What needs to be done: Print the entries exactly; no image belongs in the copy.

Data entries
****************

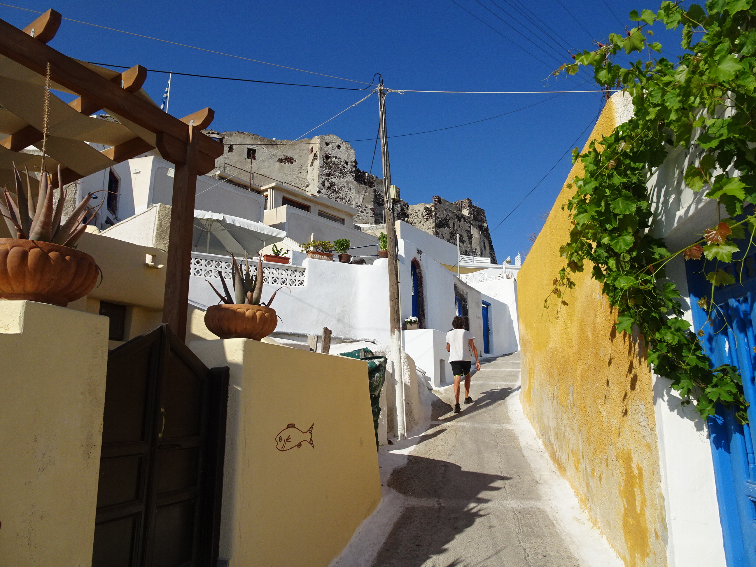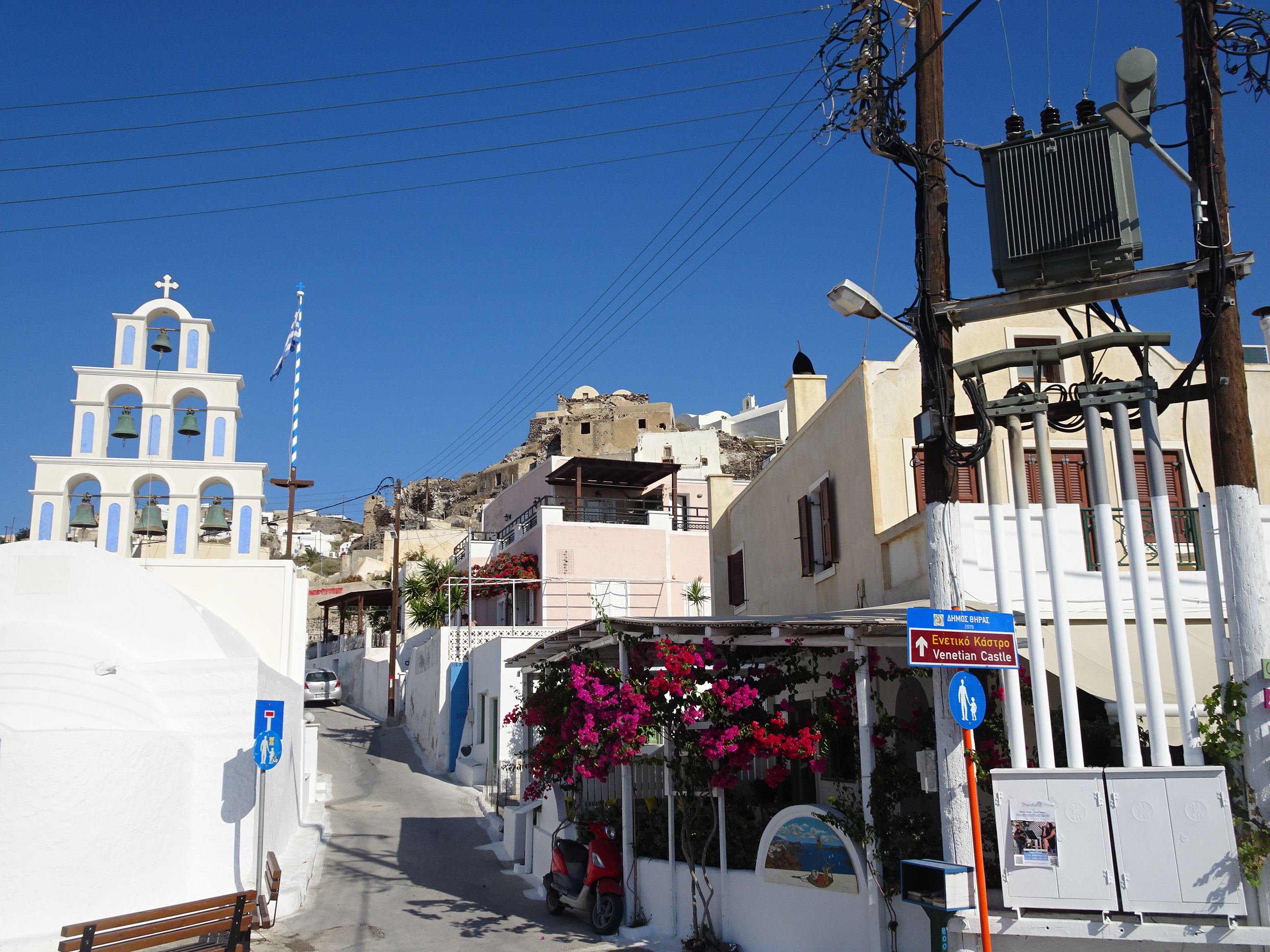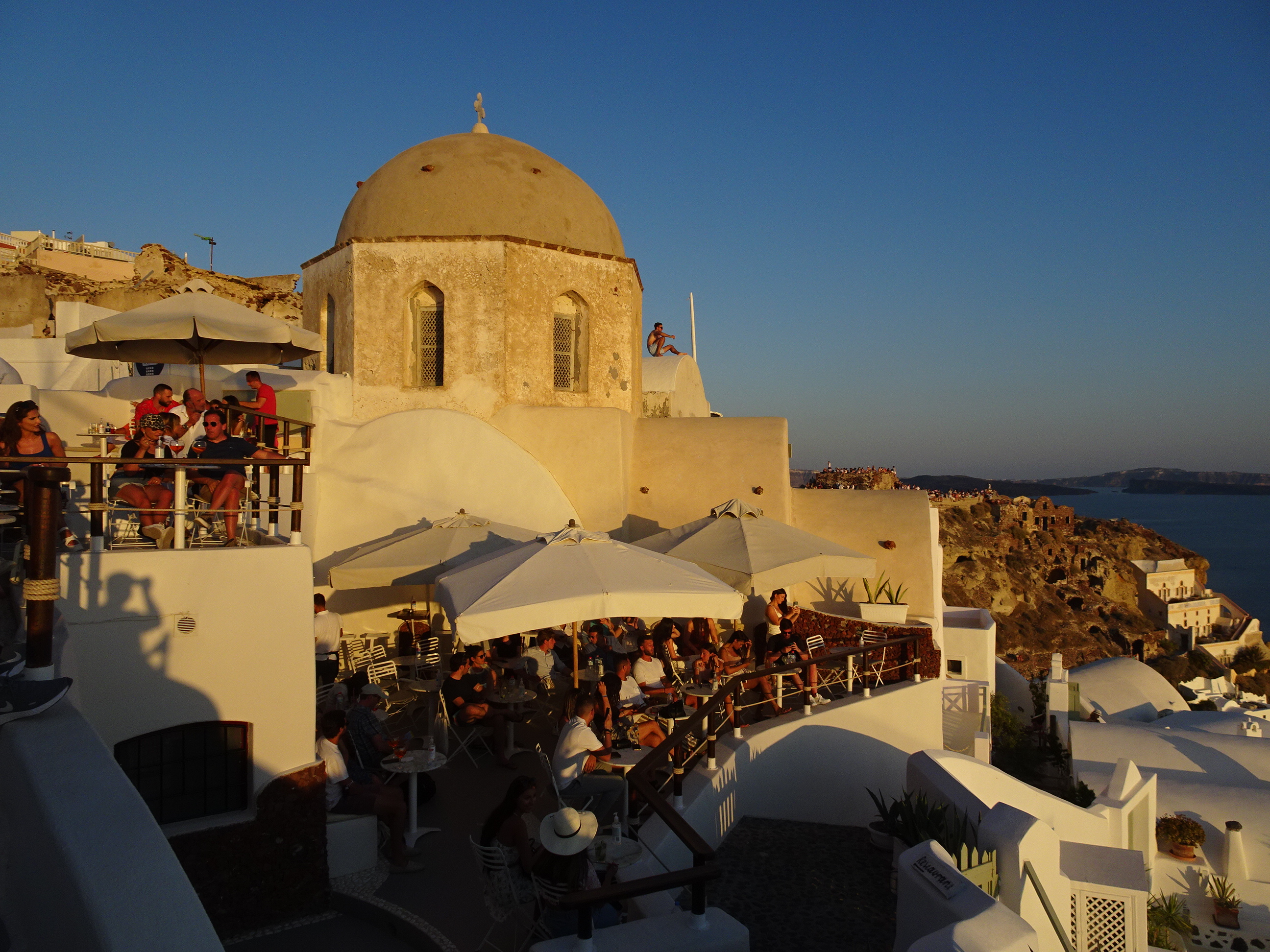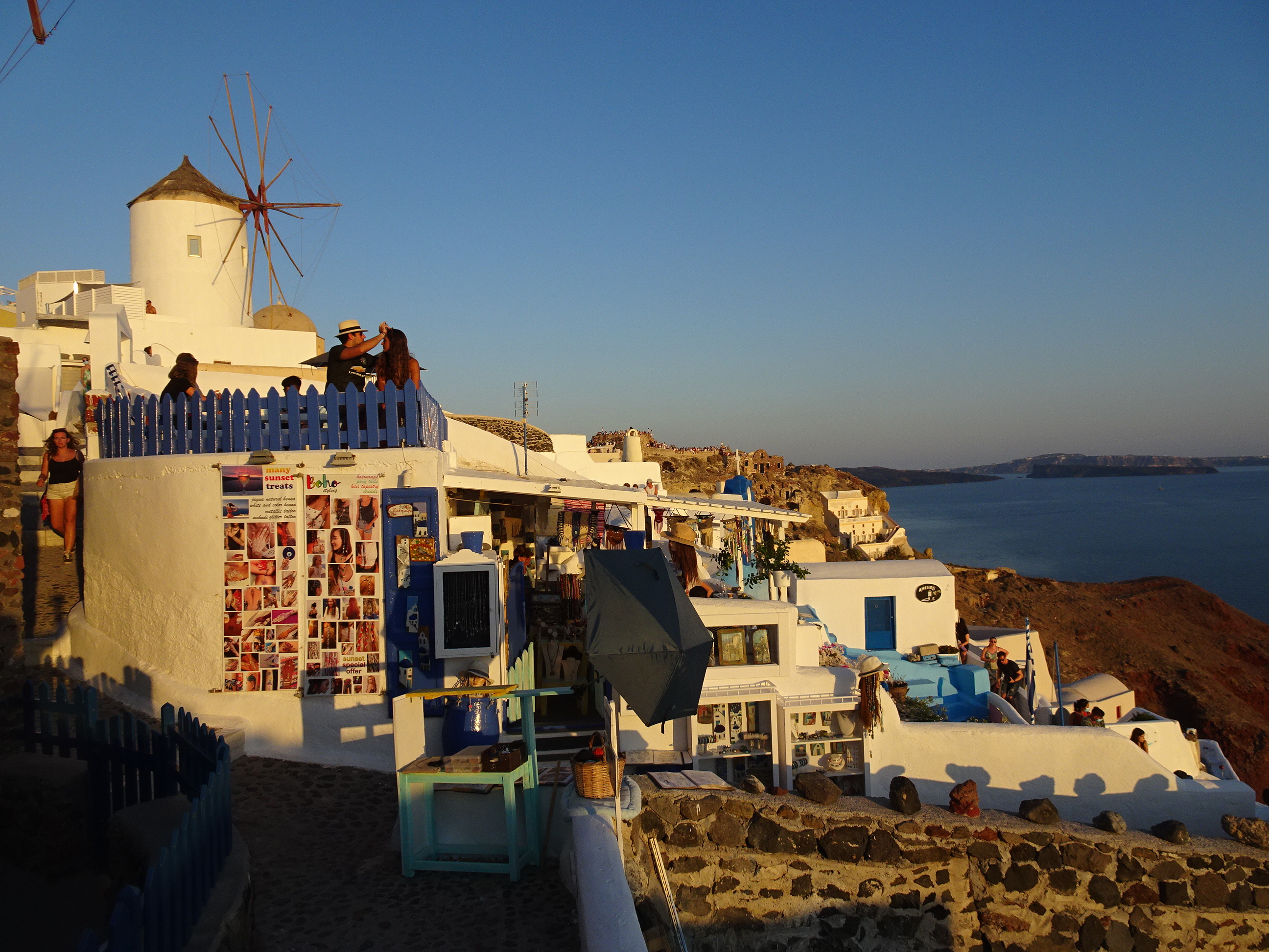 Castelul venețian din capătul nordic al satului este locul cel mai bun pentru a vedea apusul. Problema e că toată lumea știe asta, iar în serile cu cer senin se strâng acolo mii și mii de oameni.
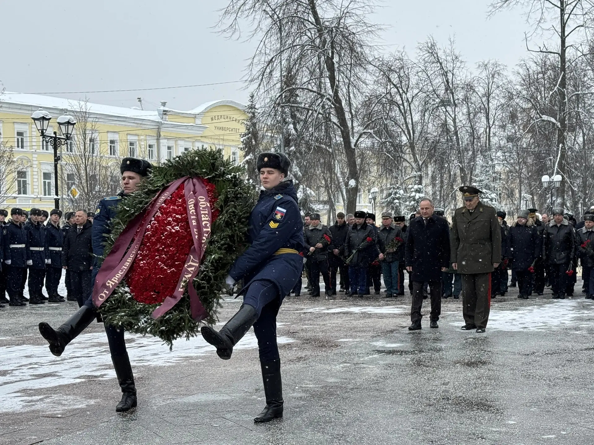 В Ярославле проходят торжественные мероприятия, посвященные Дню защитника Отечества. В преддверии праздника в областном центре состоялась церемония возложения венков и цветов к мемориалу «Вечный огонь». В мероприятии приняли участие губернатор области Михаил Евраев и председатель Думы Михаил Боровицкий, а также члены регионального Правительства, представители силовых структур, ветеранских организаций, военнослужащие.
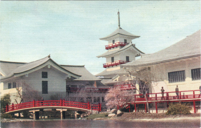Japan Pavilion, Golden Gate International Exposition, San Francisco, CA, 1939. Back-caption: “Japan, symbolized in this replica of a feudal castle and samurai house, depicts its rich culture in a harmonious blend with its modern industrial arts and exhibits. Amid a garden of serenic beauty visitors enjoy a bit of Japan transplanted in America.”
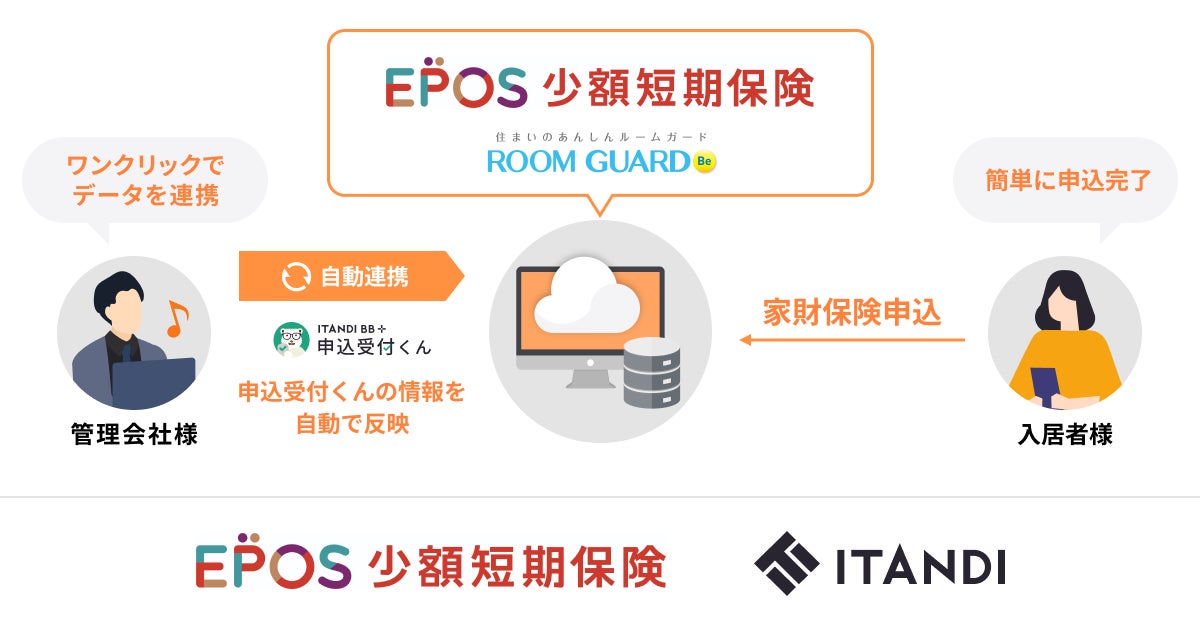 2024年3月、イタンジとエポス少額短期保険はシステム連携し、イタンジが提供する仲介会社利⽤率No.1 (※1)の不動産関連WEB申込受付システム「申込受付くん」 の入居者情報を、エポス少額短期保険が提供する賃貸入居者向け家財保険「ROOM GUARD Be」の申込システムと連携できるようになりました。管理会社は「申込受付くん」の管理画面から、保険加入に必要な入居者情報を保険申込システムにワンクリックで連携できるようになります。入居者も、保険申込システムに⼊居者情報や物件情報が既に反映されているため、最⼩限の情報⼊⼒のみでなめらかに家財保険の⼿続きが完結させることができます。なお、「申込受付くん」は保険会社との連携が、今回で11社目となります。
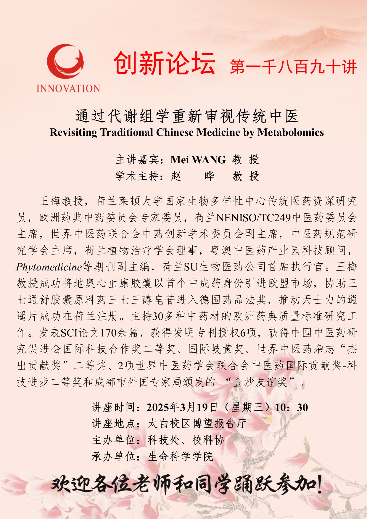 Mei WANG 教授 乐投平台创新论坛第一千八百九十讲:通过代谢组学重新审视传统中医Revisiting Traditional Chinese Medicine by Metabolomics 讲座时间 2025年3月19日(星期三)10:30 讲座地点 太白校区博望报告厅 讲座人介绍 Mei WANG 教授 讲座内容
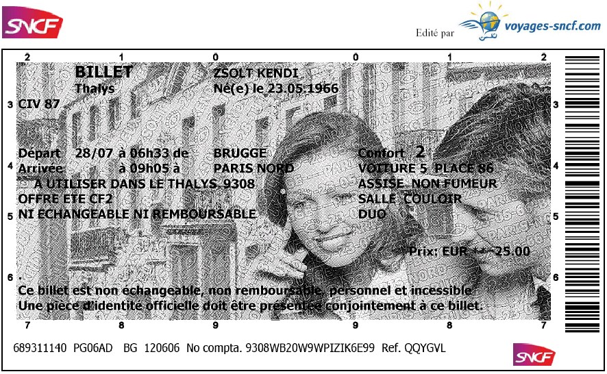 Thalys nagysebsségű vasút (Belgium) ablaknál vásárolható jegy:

****************

The completed task:
 Castelul venețian din capătul nordic al satului este locul cel mai bun pentru a vedea apusul. Problema e că toată lumea știe asta, iar în serile cu cer senin se strâng acolo mii și mii de oameni.
 В Ярославле проходят торжественные мероприятия, посвященные Дню защитника Отечества. В преддверии праздника в областном центре состоялась церемония возложения венков и цветов к мемориалу «Вечный огонь». В мероприятии приняли участие губернатор области Михаил Евраев и председатель Думы Михаил Боровицкий, а также члены регионального Правительства, представители силовых структур, ветеранских организаций, военнослужащие.
Japan Pavilion, Golden Gate International Exposition, San Francisco, CA, 1939. Back-caption: “Japan, symbolized in this replica of a feudal castle and samurai house, depicts its rich culture in a harmonious blend with its modern industrial arts and exhibits. Amid a garden of serenic beauty visitors enjoy a bit of Japan transplanted in America.”
 2024年3月、イタンジとエポス少額短期保険はシステム連携し、イタンジが提供する仲介会社利⽤率No.1 (※1)の不動産関連WEB申込受付システム「申込受付くん」 の入居者情報を、エポス少額短期保険が提供する賃貸入居者向け家財保険「ROOM GUARD Be」の申込システムと連携できるようになりました。管理会社は「申込受付くん」の管理画面から、保険加入に必要な入居者情報を保険申込システムにワンクリックで連携できるようになります。入居者も、保険申込システムに⼊居者情報や物件情報が既に反映されているため、最⼩限の情報⼊⼒のみでなめらかに家財保険の⼿続きが完結させることができます。なお、「申込受付くん」は保険会社との連携が、今回で11社目となります。
 Mei WANG 教授 乐投平台创新论坛第一千八百九十讲:通过代谢组学重新审视传统中医Revisiting Traditional Chinese Medicine by Metabolomics 讲座时间 2025年3月19日(星期三)10:30 讲座地点 太白校区博望报告厅 讲座人介绍 Mei WANG 教授 讲座内容
 Thalys nagysebsségű vasút (Belgium) ablaknál vásárolható jegy:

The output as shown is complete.